> _Activity_
Search the listing for the string "Ethernet". Copy every line that has it.

> _Dataset excerpts_
---*---

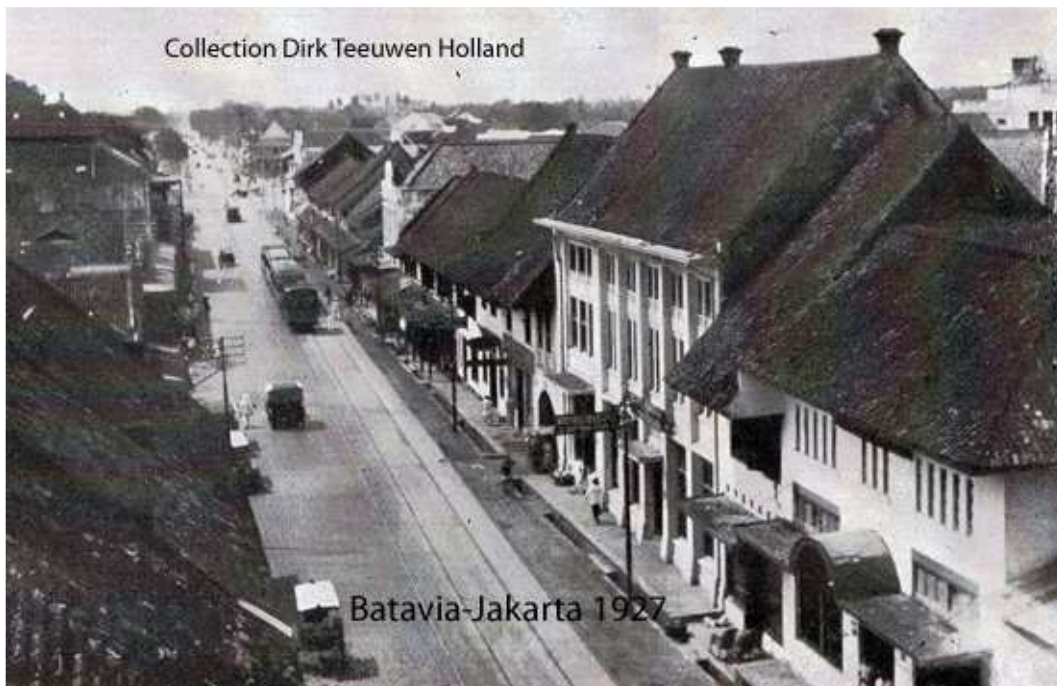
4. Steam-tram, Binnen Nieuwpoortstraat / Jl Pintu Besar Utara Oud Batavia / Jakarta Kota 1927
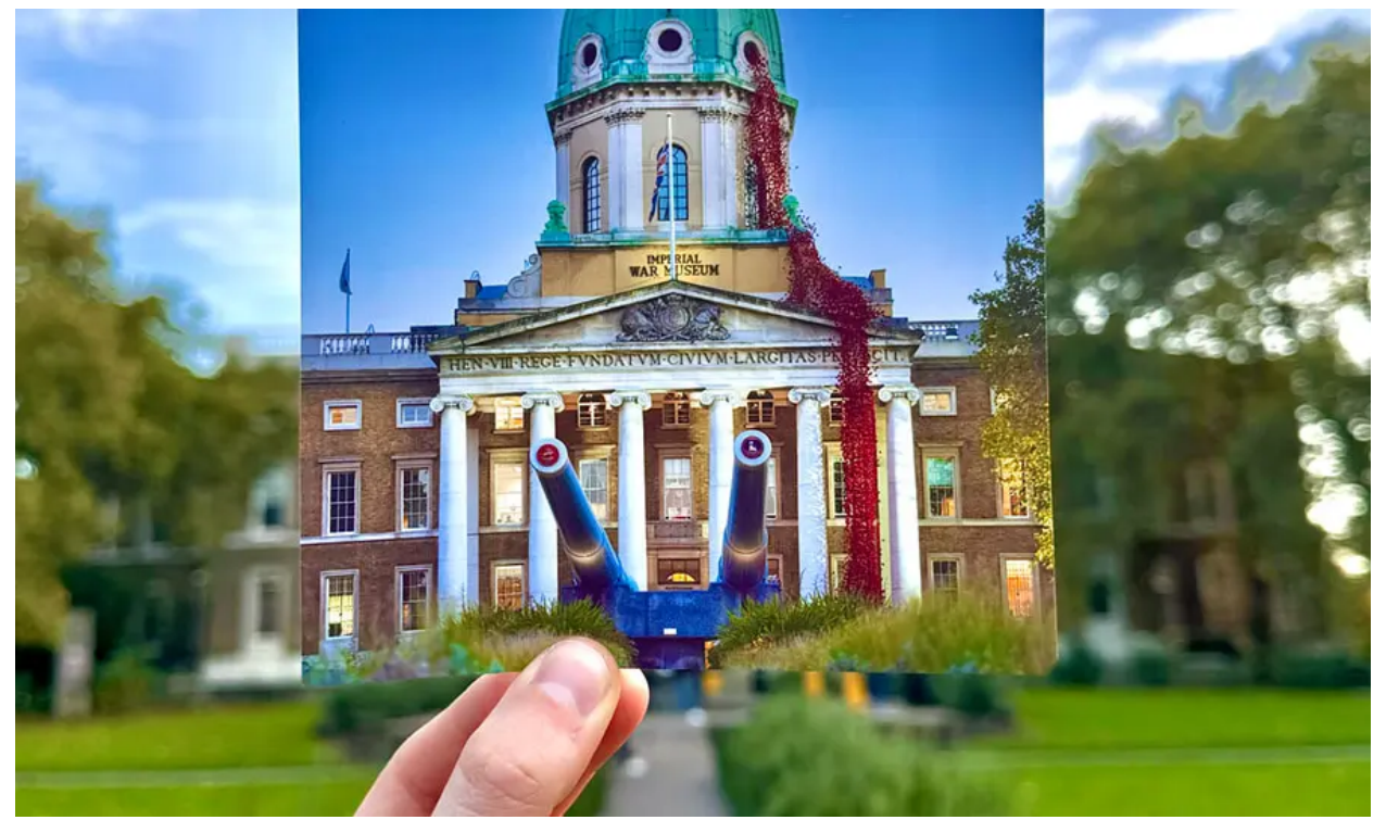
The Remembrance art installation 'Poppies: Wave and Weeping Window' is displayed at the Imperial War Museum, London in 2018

---*---

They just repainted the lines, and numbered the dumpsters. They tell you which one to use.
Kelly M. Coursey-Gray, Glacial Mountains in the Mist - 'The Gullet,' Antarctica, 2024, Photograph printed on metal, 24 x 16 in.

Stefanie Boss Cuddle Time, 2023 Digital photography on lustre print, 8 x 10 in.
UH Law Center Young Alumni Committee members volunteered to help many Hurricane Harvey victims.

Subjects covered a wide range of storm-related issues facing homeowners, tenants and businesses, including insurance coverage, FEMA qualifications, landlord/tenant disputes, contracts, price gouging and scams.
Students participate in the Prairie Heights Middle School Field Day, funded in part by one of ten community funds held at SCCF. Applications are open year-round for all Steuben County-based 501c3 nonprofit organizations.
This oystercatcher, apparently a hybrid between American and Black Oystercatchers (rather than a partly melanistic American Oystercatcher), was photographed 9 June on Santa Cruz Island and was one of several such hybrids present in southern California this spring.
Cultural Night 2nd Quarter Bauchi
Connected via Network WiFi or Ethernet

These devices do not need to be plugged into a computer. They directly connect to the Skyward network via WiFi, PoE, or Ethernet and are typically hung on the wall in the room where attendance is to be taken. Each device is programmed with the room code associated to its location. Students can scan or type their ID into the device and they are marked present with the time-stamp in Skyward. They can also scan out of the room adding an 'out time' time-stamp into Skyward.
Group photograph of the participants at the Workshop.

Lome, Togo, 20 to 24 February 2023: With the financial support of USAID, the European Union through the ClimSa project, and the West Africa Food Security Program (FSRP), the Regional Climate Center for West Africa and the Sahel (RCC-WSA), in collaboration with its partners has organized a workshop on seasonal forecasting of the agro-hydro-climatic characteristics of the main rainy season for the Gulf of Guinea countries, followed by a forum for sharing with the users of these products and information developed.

---*---

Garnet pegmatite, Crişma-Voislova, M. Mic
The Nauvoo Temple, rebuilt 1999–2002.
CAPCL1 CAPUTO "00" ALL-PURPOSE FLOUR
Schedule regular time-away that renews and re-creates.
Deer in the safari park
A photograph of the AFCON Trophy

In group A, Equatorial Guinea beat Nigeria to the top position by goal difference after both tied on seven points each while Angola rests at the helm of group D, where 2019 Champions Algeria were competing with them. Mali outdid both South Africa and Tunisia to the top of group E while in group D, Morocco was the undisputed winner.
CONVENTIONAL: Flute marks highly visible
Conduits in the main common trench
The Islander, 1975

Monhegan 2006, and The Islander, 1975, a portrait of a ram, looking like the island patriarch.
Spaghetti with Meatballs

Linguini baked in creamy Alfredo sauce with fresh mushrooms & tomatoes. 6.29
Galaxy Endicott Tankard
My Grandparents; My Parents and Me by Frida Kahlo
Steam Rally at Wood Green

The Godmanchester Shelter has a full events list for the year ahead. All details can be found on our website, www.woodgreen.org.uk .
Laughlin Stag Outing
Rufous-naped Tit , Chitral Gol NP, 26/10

---*---

> _Finished exercise_
Connected via Network WiFi or Ethernet
These devices do not need to be plugged into a computer. They directly connect to the Skyward network via WiFi, PoE, or Ethernet and are typically hung on the wall in the room where attendance is to be taken. Each device is programmed with the room code associated to its location. Students can scan or type their ID into the device and they are marked present with the time-stamp in Skyward. They can also scan out of the room adding an 'out time' time-stamp into Skyward.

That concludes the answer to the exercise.